» EXERCISE DATA:
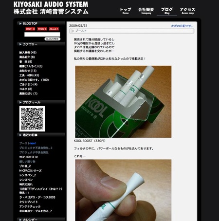 当社は「D&Lメディア研究会」というメディア融合の勉強会を主宰し、県内テレビ局民放4局及び広告代理店も参加しているのだが、そのメンバーにもすこぶる人気のブログとなっているのが「清崎音響システム」だ。
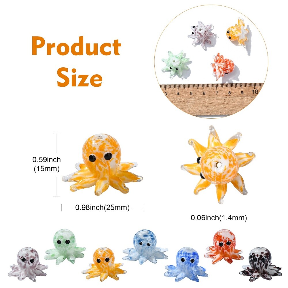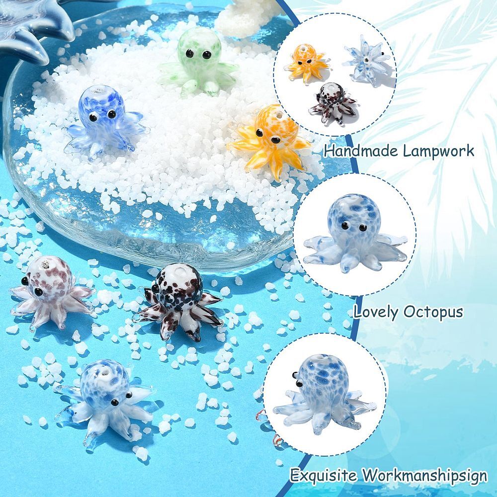 5pcs Lampwork Glass Octopus Beads Handmade Colorful Octopus Glass Bead for DIY
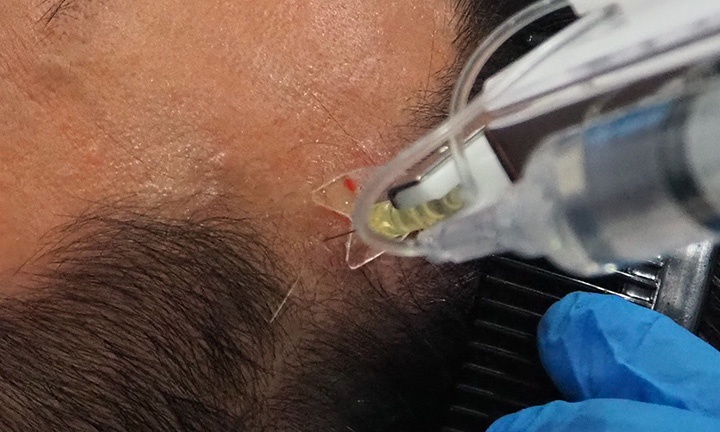 这是一种利用这些效果,将生长因子集中施用到稀疏的头发区域的治疗方法。
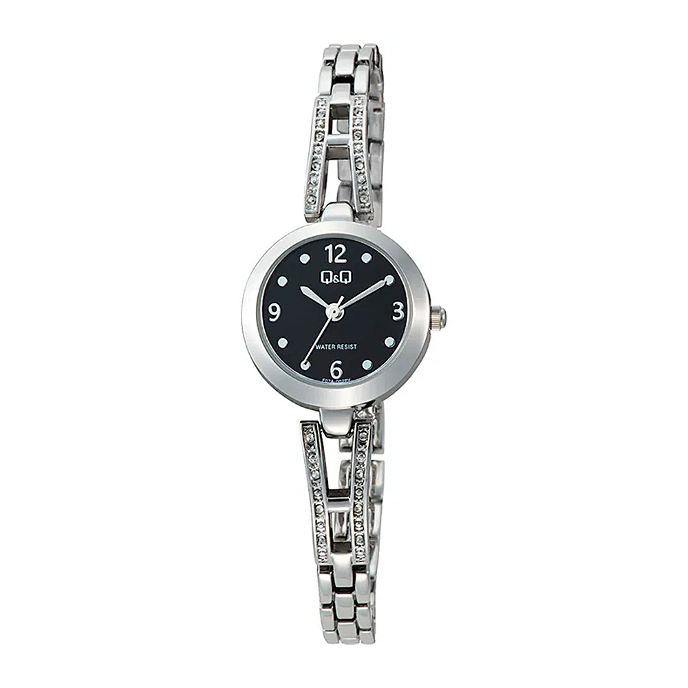 Q&Q női karóra, quartz, ezüst színű fémtok, ezüst színű nemesacél csat, fekete színű számlap, F07A-002PY

» PROBLEM REQUIREMENTS:
The whole listing is to be retyped exactly, with its pictures removed.

» EXERCISE RESPONSE:
 当社は「D&Lメディア研究会」というメディア融合の勉強会を主宰し、県内テレビ局民放4局及び広告代理店も参加しているのだが、そのメンバーにもすこぶる人気のブログとなっているのが「清崎音響システム」だ。
 5pcs Lampwork Glass Octopus Beads Handmade Colorful Octopus Glass Bead for DIY
 这是一种利用这些效果,将生长因子集中施用到稀疏的头发区域的治疗方法。
 Q&Q női karóra, quartz, ezüst színű fémtok, ezüst színű nemesacél csat, fekete színű számlap, F07A-002PY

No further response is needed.